From the records that follow, return exactly the lines beginning at the one that contains "At T2 and T4, solar" and ending at the one that contains "Das Ferienhaus verfügt", pictures left out.

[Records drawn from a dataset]

*-*-*

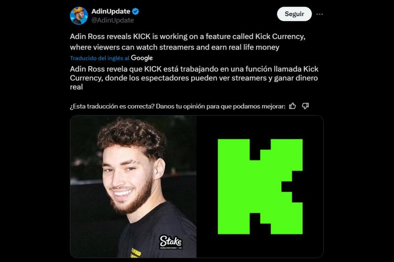 Recientemente, Adin Ross, uno de los más grandes streamers de Kick, confirmó que la plataforma verde busca implementar una nueva herramienta llamada “Kick Currency” (o Moneda Kick en español), a través de la cual los espectadores también podrán ganar dinero.
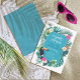 Des couples colorés s'invitent à la douche avec un cadre turquoise et une bordure avec un toucan audacieux au milieu des fleurs d'hibiscus et des feuilles de palmiers. Reverse a répétitif, feuille de palme motif dans les nuances de turquoise. Ajoutez les détails de votre événement à l'aide du modèle fourni. Ils sont parfaits pour les événements d'été, tropicaux et/ou de destination. Recherchez ID577 pour voir les produits correspondants.
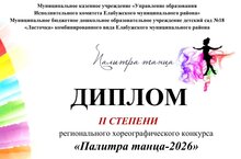 На базе МБДОУ детский сад №18 «Ласточка» комбинированного вида Елабужского муниципального района прошёл региональный хореографический конкурс «Палитра танца — 2026». Наши хореографические коллективы «Талисман» и «Звездочки» заняли 2 место. Мы поздравляем наших победителей и желаем им творческих успехов!
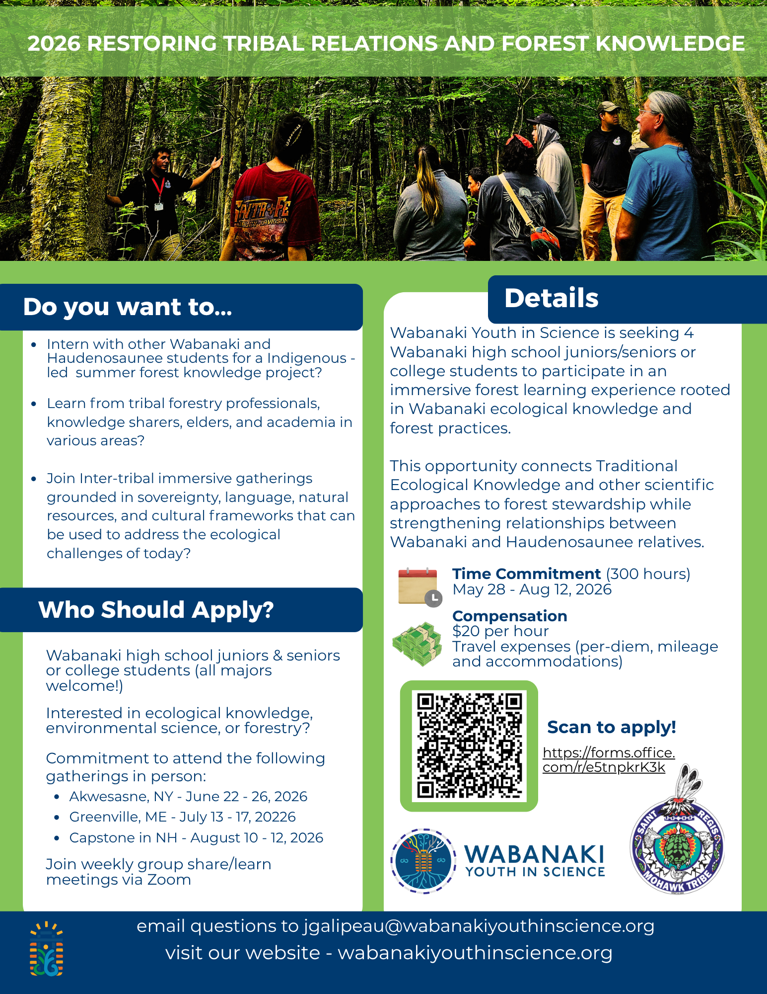 Restoring Tribal Relations and Forest Knowledge Internship. Applications close on April 24, 2026 The initiative brings together tribal forestry and natural resource practitioners, cultural knowledge sharers, elders, and academic partners in a supportive learning environment. Through these relationships, students will have opportunities to deepen their understanding of Indigenous Ecological Knowledge, build professional connections, and explore […]
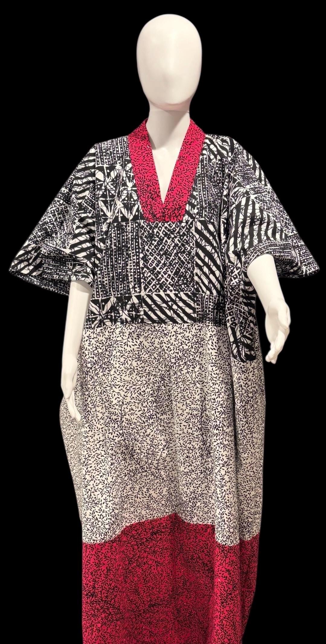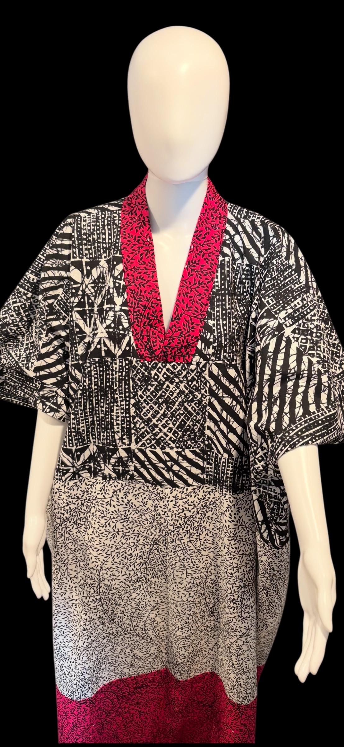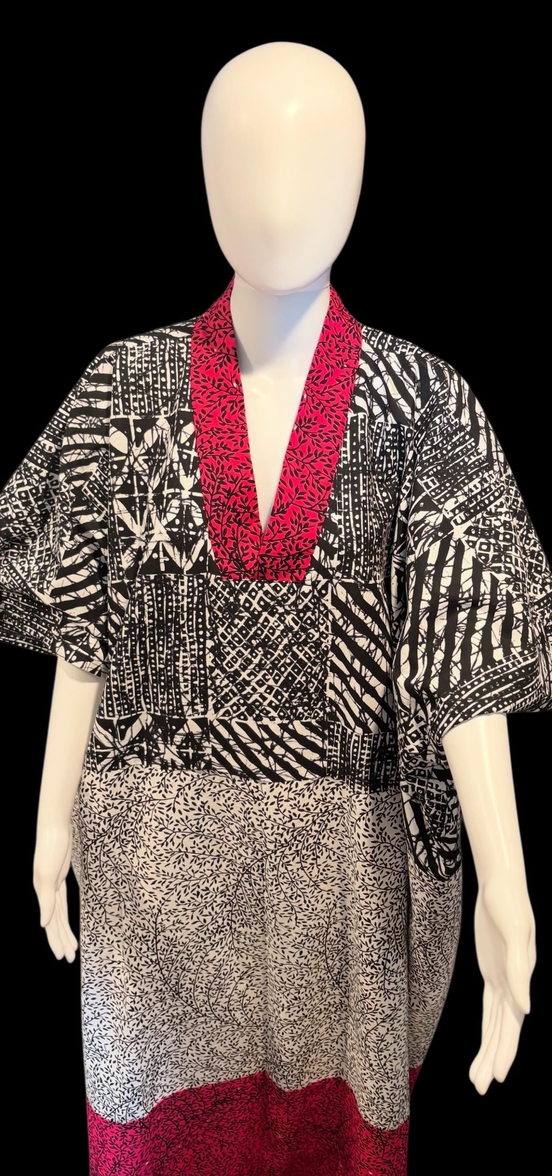 Patchwork Kaftan is a mix of 3 beautiful African Print fabrics. It is versatile & has a tie rope on the inside for a snug fit (if desired) to accentuate the waist and bust area only. This dress is perfect for all occasions and has pockets .
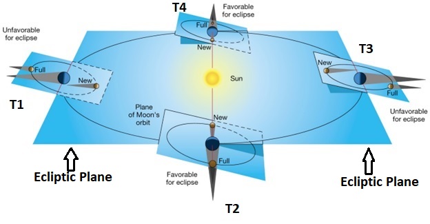 At T2 and T4, solar and lunar eclipses can occur only at points where the orbit of the Moon intersects the ecliptic plane either while ascending or descending. The points that intersect the ecliptic plane are called nodes. So, eclipses occur only at the nodes when the Moon’s orbit intersects the Earth’s orbital plane. For the same reason, we call the Earth’s orbital plane ecliptic.
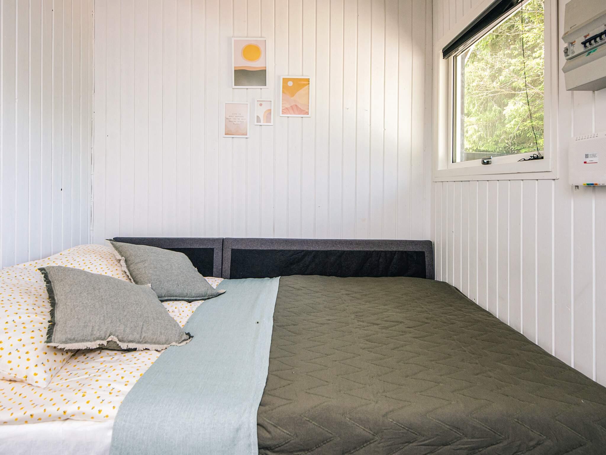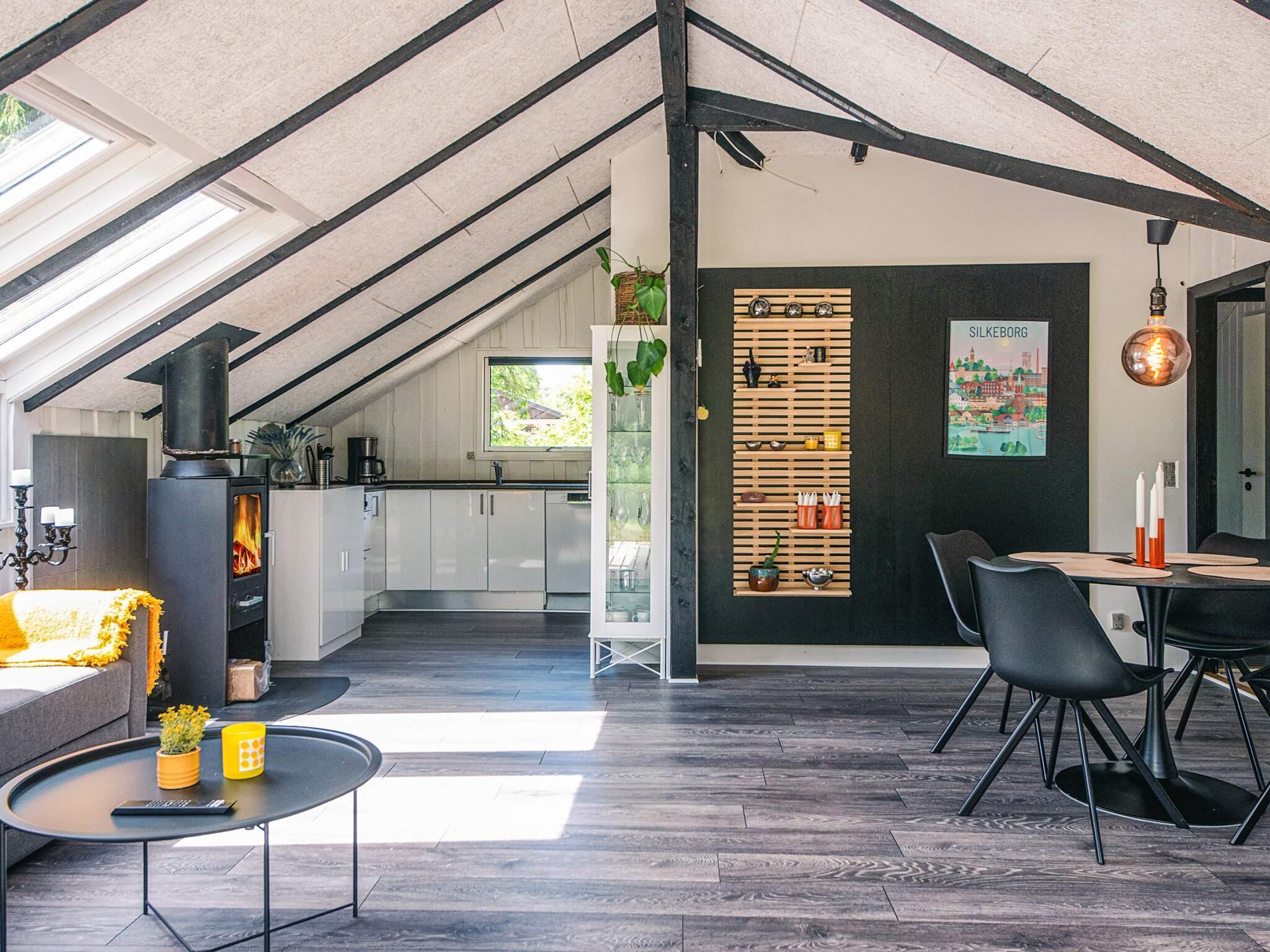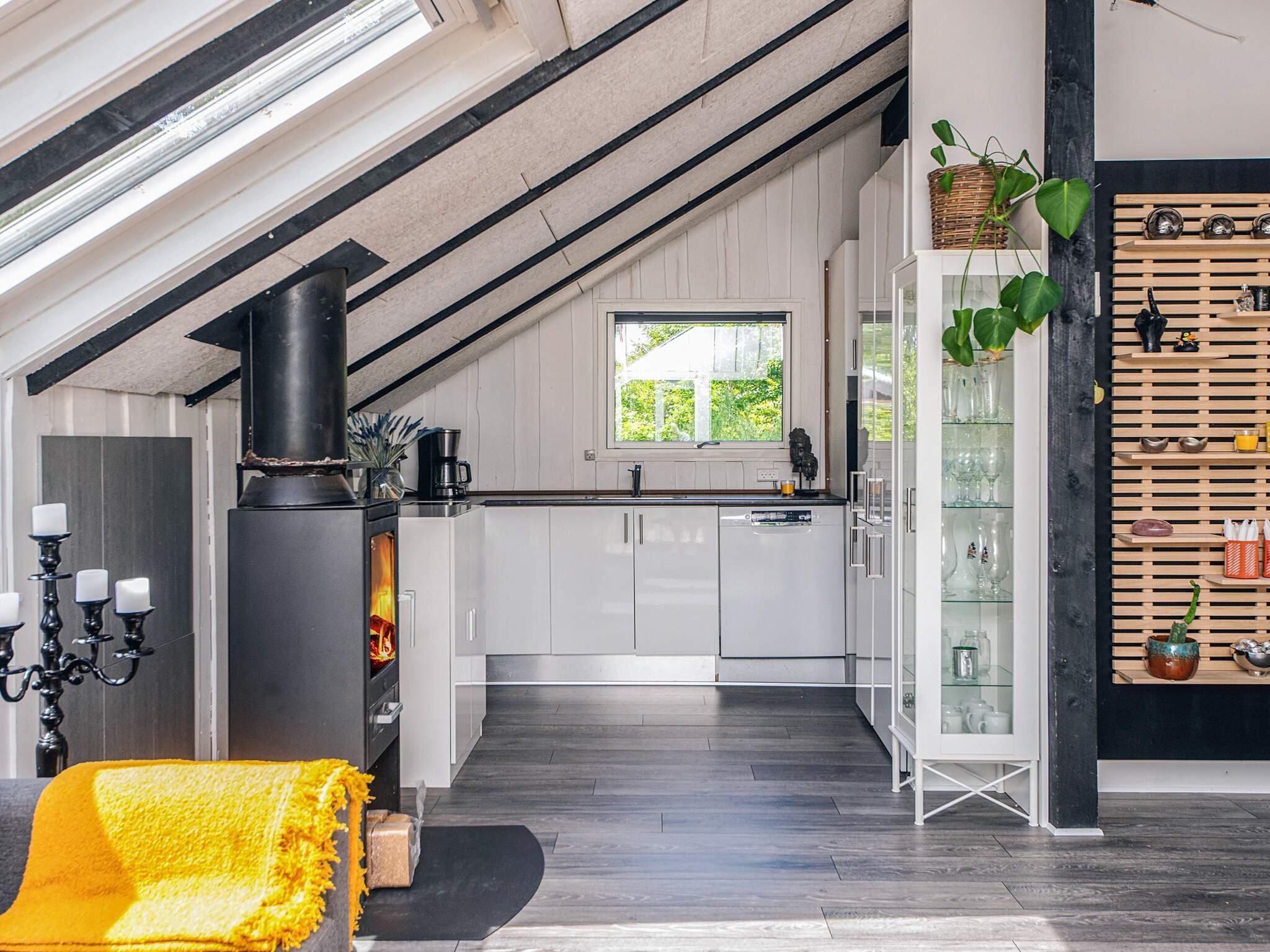Das Ferienhaus verfügt über zwei Schlafzimmer, eine offene Wohnküche, ein gemütliches Wohnzimmer mit Holzofen und direkten Zugang zu einer großen, teilweise überdachten Terrasse mit Gartenmöbeln und Grill. Neues Badezimmer mit schönen Details. Ruhige, grüne Lage – ideal für Entspannung und Familienzeit.
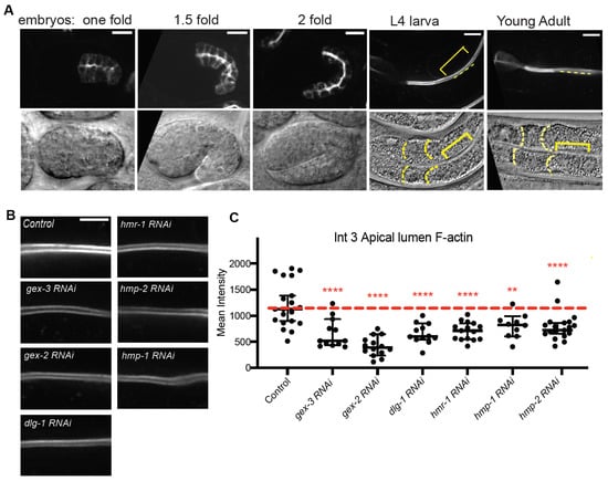 Since loss of WAVE had the largest effects on apicolateral populations of Cadherin, we wanted to next test if WAVE and Cadherin were contributing to apical lumen F-actin accumulation in vivo, as we saw with fixed adults and phalloidin staining. We therefore developed a new reagent to detect F-actin in adult intestines using the glo-1 promoter [26], driving Lifeact fused to TAG-RFP (gift of Daniel Shaye), marked with the rol-6 dominant Roller mutation [27]. We made integrated lines of this new strain that allowed us to monitor F-actin accumulation in the developing embryonic intestine and all through larval and adult stages (Figure 2A,B). As we have seen with other markers for endogenous F-actin, Pglo-1::Lifeact::TAG-RFP becomes enriched apically as the embryonic intestine becomes polarized. As the embryos develop, the signal becomes more enriched apically. In L4 larvae and adults, most of the expression is found at apical regions surrounding the lumen, while lower enrichment is seen at lateral regions (Figure 2B).

*-*-*

• **Result of this exercise**:
 At T2 and T4, solar and lunar eclipses can occur only at points where the orbit of the Moon intersects the ecliptic plane either while ascending or descending. The points that intersect the ecliptic plane are called nodes. So, eclipses occur only at the nodes when the Moon’s orbit intersects the Earth’s orbital plane. For the same reason, we call the Earth’s orbital plane ecliptic.
Das Ferienhaus verfügt über zwei Schlafzimmer, eine offene Wohnküche, ein gemütliches Wohnzimmer mit Holzofen und direkten Zugang zu einer großen, teilweise überdachten Terrasse mit Gartenmöbeln und Grill. Neues Badezimmer mit schönen Details. Ruhige, grüne Lage – ideal für Entspannung und Familienzeit.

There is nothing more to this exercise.